Abstract

In this introduction to Part 1 of the Common Knowledge symposium, “Fuzzy Studies,” the journal's editor discusses four essays from the 1980s by Richard Rorty, in which Rorty chose to associate himself with various neopragmatists, Continental thinkers, and “left-wing Kuhnians” under the rubric of the “new fuzziness.” The term had been introduced as an insult by a philosopher of science with positivist leanings, but Rorty took it up as an “endearing” compliment, arguing that “to be less fuzzy” was also to be “less genial, tolerant, open-minded, and fallibilist.” He defined the “new fuzziness” as “an attempt to blur just those distinctions between the objective and subjective and between fact and value which the critical conception of rationality has developed.” This introduction also examines W. V. Quine's essay “Speaking of Objects” (1957), which describes objects as fuzzy “half-entities”; Clifford Geertz's essay “Blurred Genres” (1980), which advises social scientists that being “taxonomically upstanding” is futile; and Lofti Zadeh's article “The Concept of a Linguistic Variable and Its Application to Approximate Reasoning” (1975), which abandons “Aristotelian, bivalent logic” in favor of a “fuzzy logic” based on Zadeh's “fuzzy set theory.” This introductory piece relates these theoretical works of the past half-century to the sorites paradox and to classical issues of vagueness raised and still unresolved in Western philosophy.

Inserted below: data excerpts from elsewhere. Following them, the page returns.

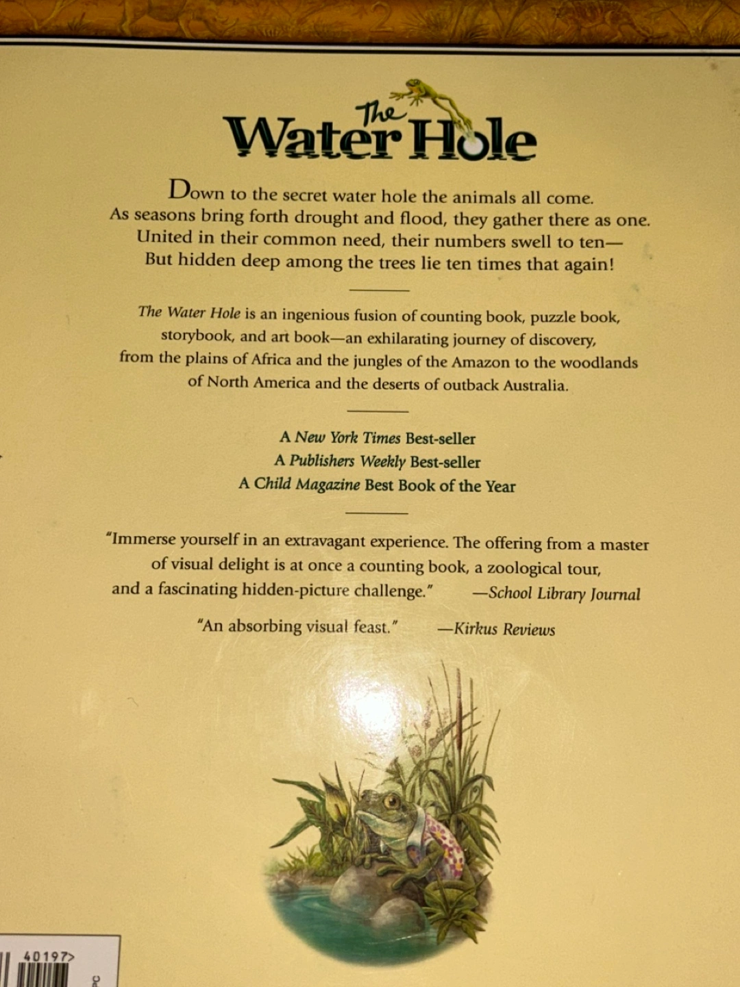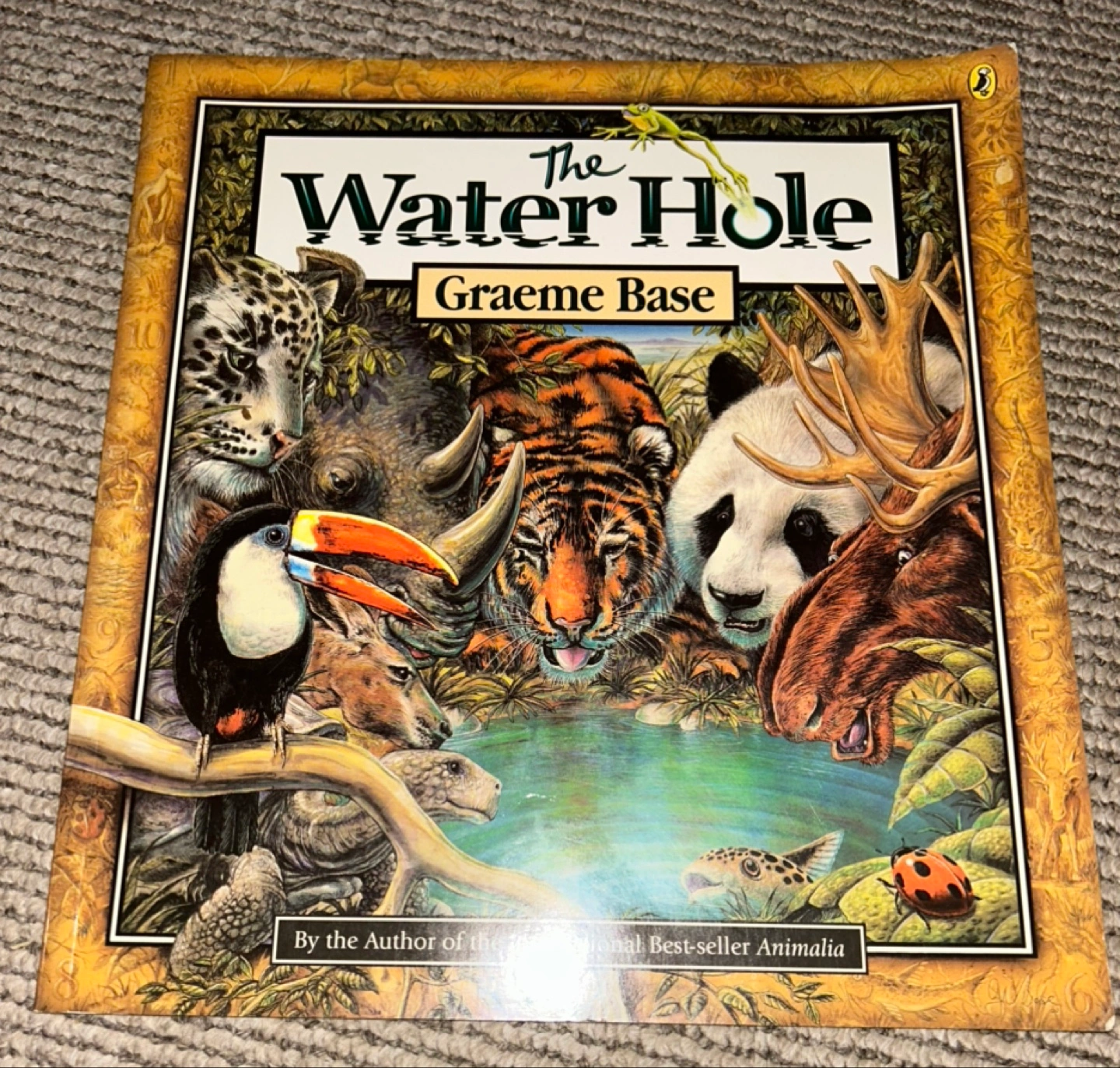 Selling a copy of "The Water Hole" by Graeme Base! It's a counting book, storybook, and art book all in one. It's a journey of discovery from the plains of Africa to the jungles of the Amazon and the woodlands of North America and the deserts of outback Australia. A New York Times Best-seller and a Publishers Weekly Best-seller!
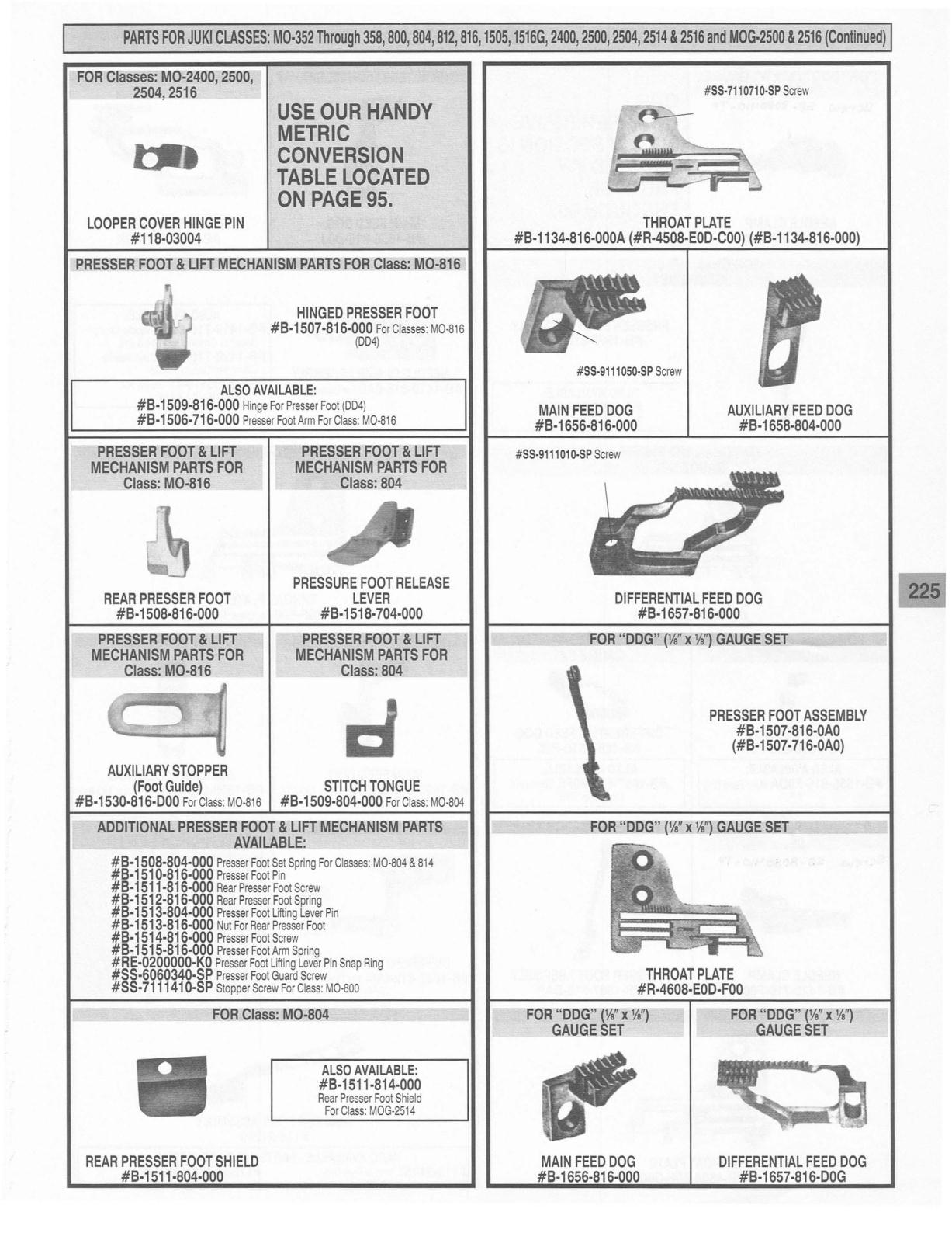 PARTS FOR JUKI CLASSES: MO·352 Through 358, 800, 804, 812, 816, 1505, 1516G, 2400, 2500, 2504, 2514
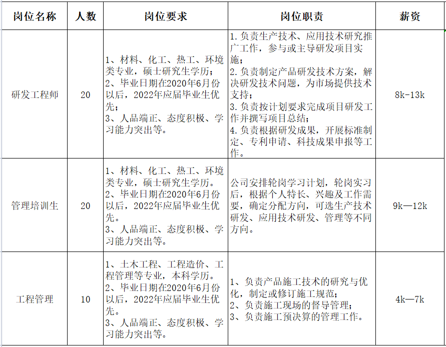 1、材料、化工、热工、环境类专业,硕士研究生学历;
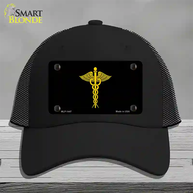Caduceus Novelty License Plate Hat. Show off your style with our mounted 4" x 2.2" metal patches available in 3 different styles and over 12 different colors. Our metal patches are made out of .025 grade aluminum and the designs are dye sublimated onto the metal to give a quality high gloss finish. Our metal patches are firmly attached using double cap rivets to give the patch an elegant tight fitting look!
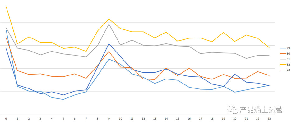猜对了,0点出现大流量!9点,14点,19点的流量峰值符合移动端用户在早晨通勤时间、下午回到座位、傍晚通勤时间的访问规律。但0点出现如此之大的流量,十分异常,就应当触发专题分析。
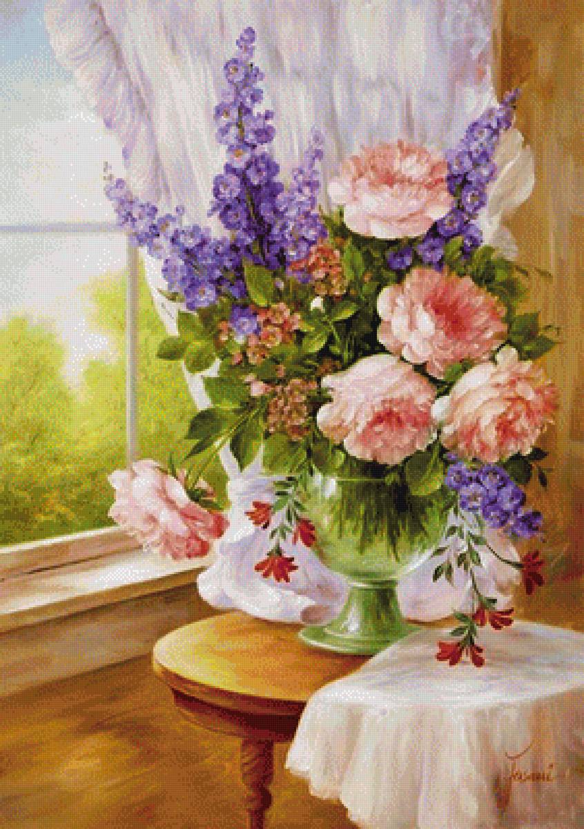 Схема вышивки «okno,kvety» (№1862181)
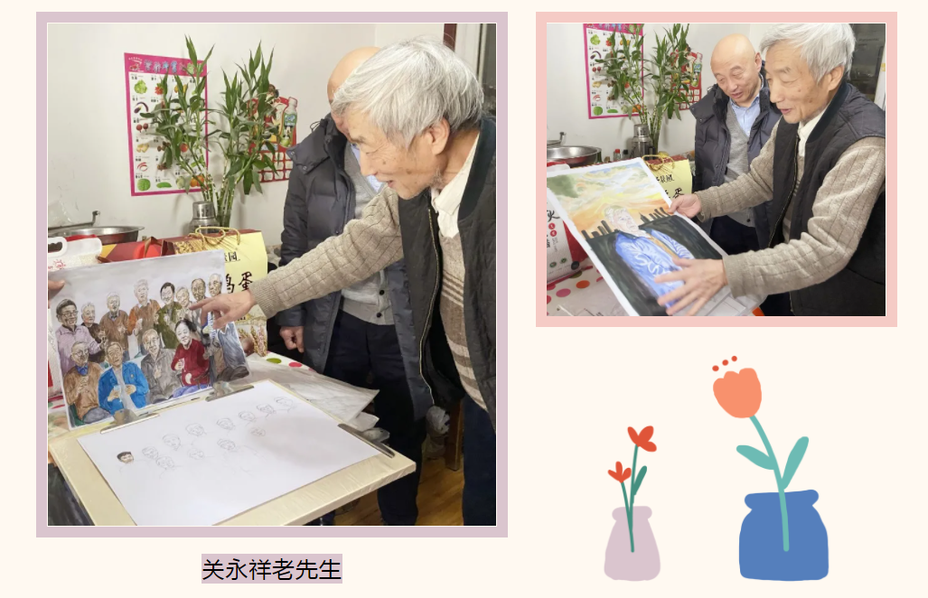 關(guān)永祥老先生大老遠(yuǎn)就在門口迎接,像是等待許久未見的親人一樣。老人興致勃勃地講述起自己的晚年生活,退休以后,除了積極鍛煉保證身體健康之外,他還堅(jiān)持個(gè)人書畫創(chuàng)作,說到這里,老人還挑選了幾幅得意之作給我們講解創(chuàng)作心得。
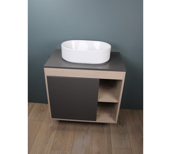 Тумба подвесная с раковиной для ванной Teymi Nura, 80 см, корпус дуб, фасад графит, раковина Iva 46 F13232 ЦБ-00285318
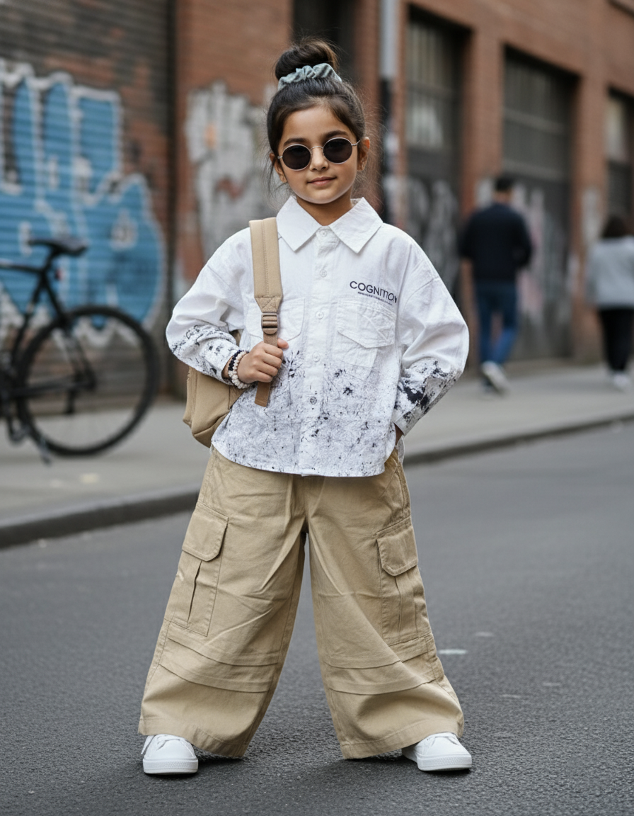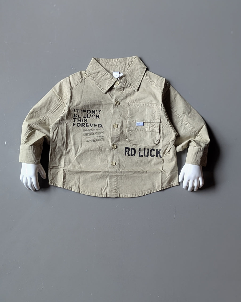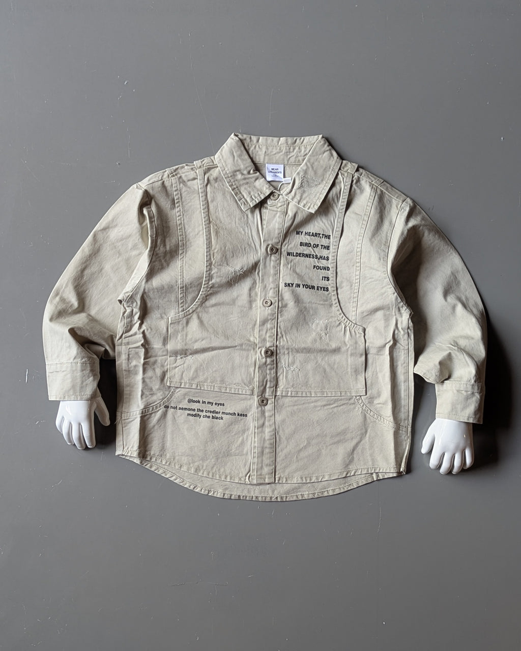 Type: Long-sleeved shirt with a collar. Color: beige-colored  Material: Looks like a lightweight cotton or similar fabric. Design Details (Front): Features black text graphics. On the right chest area, it reads, "MY HEART THE B...
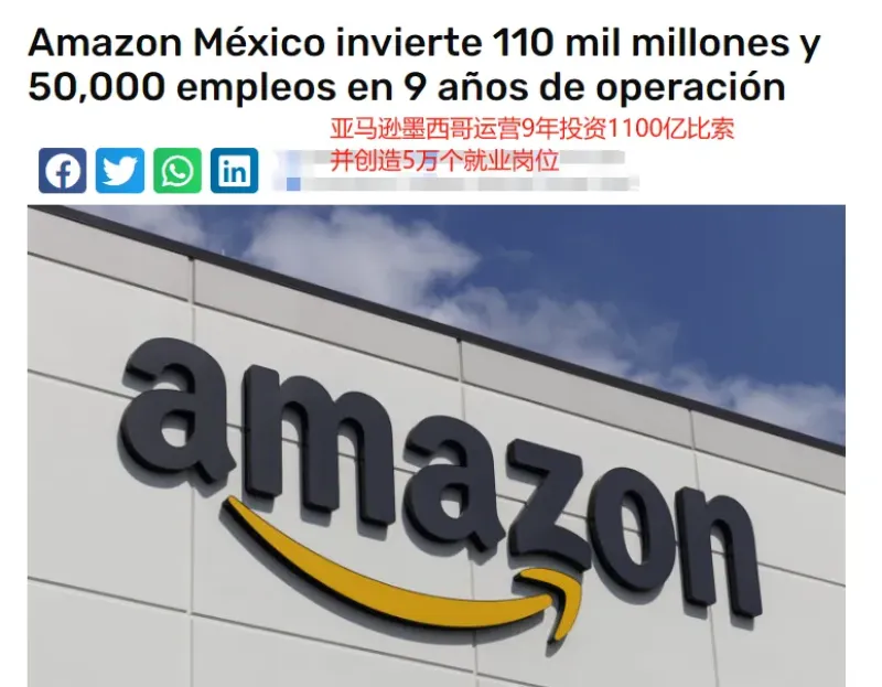 根據(jù)亞馬遜最近發(fā)布的《從頭到尾:亞馬遜在墨西哥的影響》報告,自2015年成立起來,在這9年時間里,亞馬遜在墨西哥投資了1100億比索(約合55.16億美元),主要涵蓋物流、建筑、電子商務(wù)、技術(shù)和就業(yè)等各個領(lǐng)域。

Returning then to Rorty, the author questions how Rorty expected his endorsement of the “new fuzziness” to be applied, as proposed, to theology and politics. Suggesting that such applications are the natural work of historians, the author, having asked the historian Natalie Zemon Davis for comment, then quotes her response—which associates fuzzy studies, “common knowledge,” and peacemaking—at length.